La justicia ha hablado. Este 28 de julio de 2025 no será un día cualquiera en la historia política de América Latina: por primera vez, un expresidente colombiano ha sido declarado culpable por soborno a testigos y fraude procesal. Se trata nada más y nada menos que de Álvaro Uribe Vélez, el mismo que gobernó Colombia a sangre y fuego, el mismo que durante décadas sembró muerte, miedo y corrupción, escudado en una máscara de "patriota".

Hoy no hay espacio para eufemismos. Lo que ocurrió en Bogotá no fue solo una sentencia judicial. Fue el grito de una verdad reprimida durante más de una década, fue el clamor de las víctimas de los falsos positivos, de las madres de Soacha, de los desaparecidos, de los perseguidos políticos, de los campesinos desplazados por el paramilitarismo. Fue la justicia poniéndole nombre y rostro a la impunidad.

Porque Uribe no cayó por una venganza política ni por una trampa legal, cayó por lo que es: un hombre cuya trayectoria está manchada de sangre, cocaína y mentiras. Las pruebas que lo condenan no vienen de sus enemigos ideológicos, sino de las mismas instituciones del Estado colombiano, que durante años lo encubrieron, lo premiaron, lo alabaron. Hasta que la verdad fue tan grande, que ya no se pudo esconder más.

Pero si bien el fallo es reciente, el historial de Uribe viene de lejos. Su nombre aparece desde 1991 en informes del Departamento de Defensa de Estados Unidos, vinculado directamente con el narcotráfico y el crimen organizado. No es una invención bolivariana ni una fábula chavista. Es información oficial: el senador Uribe, entonces aliado del narcopoder, fue parte del engranaje político que facilitó el narcotráfico desde el Estado colombiano.

A eso se le suma su relación umbilical con el paramilitarismo. Uribe no solo toleró a los escuadrones de la muerte: los financió, los protegió, los utilizó como fuerza paralela de control social y exterminio. Su gobierno (2002–2010) dejó miles de cadáveres mal enterrados, disfrazados de guerrilleros. No por accidente: fue una política de Estado. Y ahora, por fin, es un expresidente con sentencia, no con inmunidad.

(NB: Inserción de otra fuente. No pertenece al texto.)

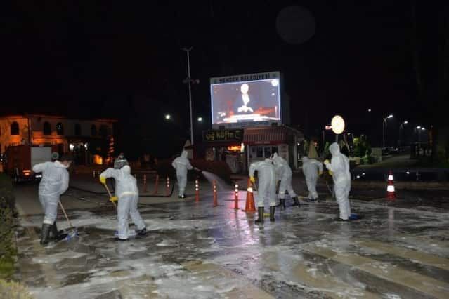 Koronavirüs tedbirlerini elden bırakmayan Hendek Belediyesi, yaptığı çalışmalara bir yenisini daha ekleyerek gece yarısı cadde ve sokakları köpüklü suyla yıkadı ve ardından ilaçladı.
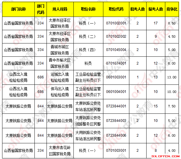 報(bào)考人數(shù)前八位的職位主要集中在山西省國(guó)家稅務(wù)局、山西出入境檢驗(yàn)檢疫局、太原鐵路公安等部門,具體信息如下:
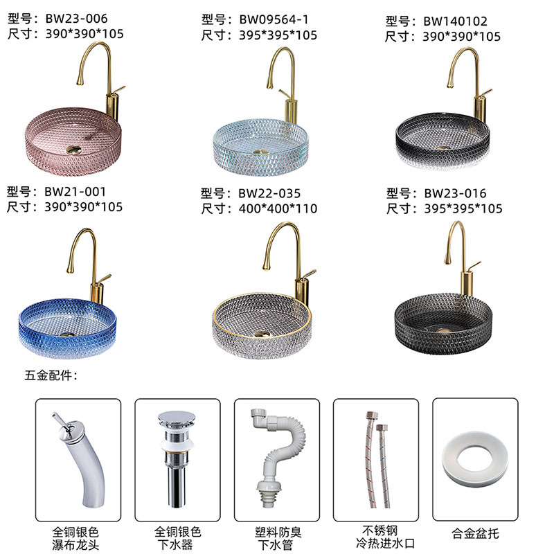 Sink with stand, glass sink, tempered glass sink, vanity, washbasin, washstand, washbasin, countertop sink, basin, vanity, washbasin, integrated countertop sink, bathroom sink, Boweiya
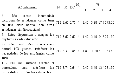 De otra parte, se observó que las actitudes fueron mejores cuando se preguntaba por casos de alumnos concretos, con nombre y dificultad, puesto que los resultados obtenidos estuvieron por encima de los obtenidos utilizando situaciones más abstractas (3,08 versus 3,60). De ello se deduce, como implicación pedagógica, que se requiere la generalización de sus actitudes para interiorizarlas a nivel abstracto y no solo concreto, y, como implicación didáctica, que el trabajo con casos concretos puede constituir la base para el éxito de la misma.
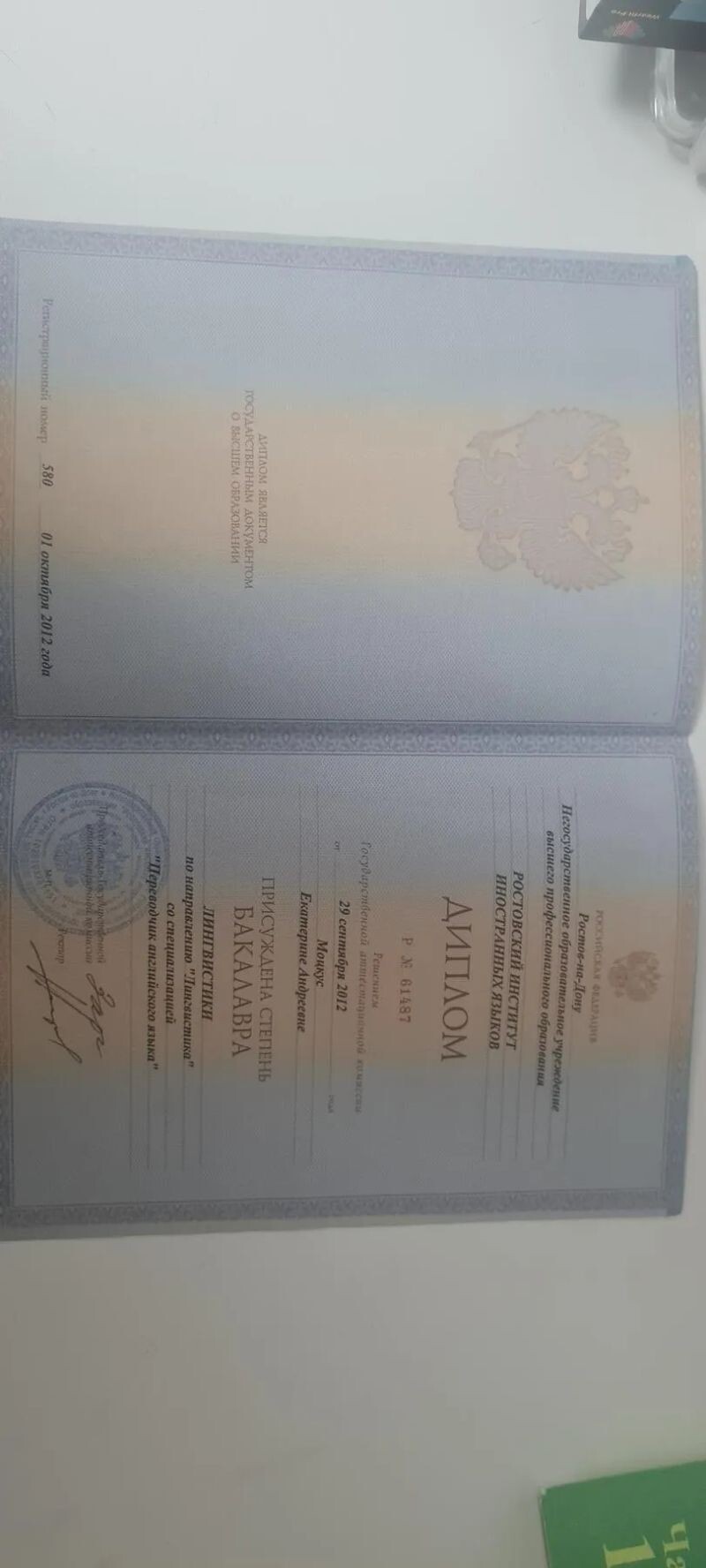 - Ростовский институт иностранных языков, специальность «переводчик английского языка», направление «Лингвистика», 2007–2012 гг.
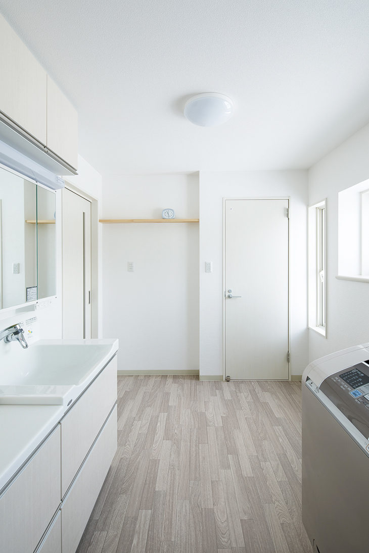 洗面脱衣室は隣が公園で遮るものがないので明るいです。
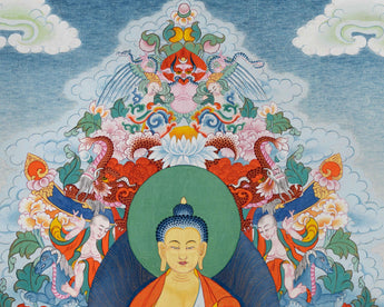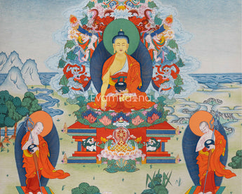 Experience the serene presence of enlightenment with our Shakyamuni Buddha Thangka Print on Canvas. This exquisite artwork beautifully captures the essence of the historical Buddha, Siddhartha Gautama, in a traditional Tibetan Thangka style. Printed on high-quality canvas, the rich colors and intricate details of this piece bring the wisdom and compassion of Shakyamuni to life. The canvas material adds a tactile and authentic feel to the artwork, enhancing its visual impact. Ideal for meditation spaces, home altars, or any sacred setting, this Thangka Print serves as a powerful reminder of the path to enlightenment. Allow the tranquility emanating from Shakyamuni Buddha's countenance to grace your surroundings, fostering a sense of peace and mindfulness. Elevate your spiritual practice with the timeless beauty and spiritual depth of our Shakyamuni Buddha Thangka Print on Canvas.

Su odio a los pueblos libres fue transversal. Amenazó con invadir Venezuela, soñó con una intervención militar para derrocar a Nicolás Maduro y no se sonrojó al pedir ayuda extranjera para derrocar gobiernos democráticos. También despreció a Nicaragua, cuando en 2003 nos amenazó con enviar su Armada para impedir que exploráramos nuestro propio mar Caribe. Aquel delirio expansionista fue frenado por el derecho internacional, pero reveló el talante imperial de este personaje.

Uribe no fue un estadista: fue un caudillo del crimen vestido de demócrata. Fue un títere del Pentágono, un vocero del sionismo, un enemigo jurado del ALBA y del pueblo latinoamericano. Su arrogancia era tan grande que creyó que nunca rendiría cuentas. Pero la historia da vueltas. Y hoy, lo vemos acorralado, sin toga ni corbata, sino como lo que es: un vulgar delincuente de cuello blanco.

Desde Nicaragua, donde sabemos muy bien lo que es resistir a los imperios y a sus sirvientes, aplaudimos esta sentencia histórica. No solo por lo que representa para Colombia, sino por lo que simboliza para todo el continente. Es el principio del fin del uribismo, esa peste autoritaria que contaminó la política con miedo, con odio y con impunidad.

La jueza Sandra Heredia dará lectura a la pena contra Uribe en una audiencia programada para las próximas semanas. Según el código penal colombiano, por los delitos de soborno a testigos y fraude procesal, la condena podría oscilar entre 6 y 12 años de prisión, dependiendo de los agravantes y del fallo final. Uribe aún puede apelar ante el Tribunal Superior de Bogotá, y en última instancia acudir a la Corte Suprema. Pero la mancha de esta sentencia ya es indeleble, tanto en su historial como en la memoria del pueblo colombiano.

Y hay un dato imposible de ignorar: la sentencia condenatoria contra Uribe se dictó el mismo día que el Comandante Eterno Hugo Chávez habría cumplido 71 años. No hay mayor símbolo de justicia histórica. Uribe quiso destruir a Chávez, y fue Chávez quien lo venció en vida, en la memoria y ahora en la justicia. 

El fascismo colombiano se arrodilla justo el día en que nació uno de los grandes libertadores del siglo XXI.

A Uribe lo condenó la jueza Sandra Heredia. Pero antes lo había condenado la conciencia popular. Hoy celebramos que, por fin, el verdugo esté sentado en el banquillo de los acusados. Y mañana, ojalá, también en una celda.